Shaham’s daughters sent the tape to Amram, an organization that conducts research and collects testimonies about the Yemenite, Mizrahi and Balkan children affair. In the last few years, the organization has managed to bring back the affair to the public eye and discussion. Amram coordinators understood that they had a treasure in hand, both due to the power of these materials, and because they match existing testimonies well, as well as documents gathered by Amram and the various inquiry committees. In addition, Shaham agreed to tell her story to “Yedioth Ahronoth."

In the training to become nannies, Shaham says, students were taught, among other things, “how to deal with parents (biological parents, who would come to demand to see their children, or get them back), how to speak to them, how to calm them down.”

I: “In what respect, calm them down?”

S; “We had difficult cases. Cases where the parent would scream hysterically. They taught us how to reassure the parents.”

I: “Did you personally see parents who came?”

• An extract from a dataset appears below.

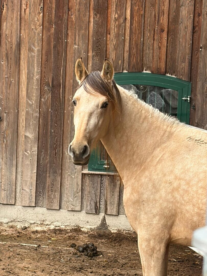 Her name is Tortola, which means "turtle dove" and the name says it all. Of course she has ANCCE paper and would also be interesting for breeding. Her father is a Cremello, as is her full brother.

S: “Yes. Screaming, hysteria. “Where is "Ya Waladi” [“my boy” - Arabic]. “Where is my baby?” – “He is dead. We couldn’t save him”. “Where is he buried?” So much crying, we were devastated by these scenes.”

Shaham stayed silent during all these years. “Maybe now, if things are picking up in Israel, if people talk about this, if the newspapers write about this, maybe there will be a memory, for others, to understand,” she says. “That’s what happened to me. People were talking about this and I said: “Oh. This is familiar, I know, I was there. I was witness. Witness to a bad story – bad is an understatement. Terrible. Awful. One of our crimes on the way to independence.”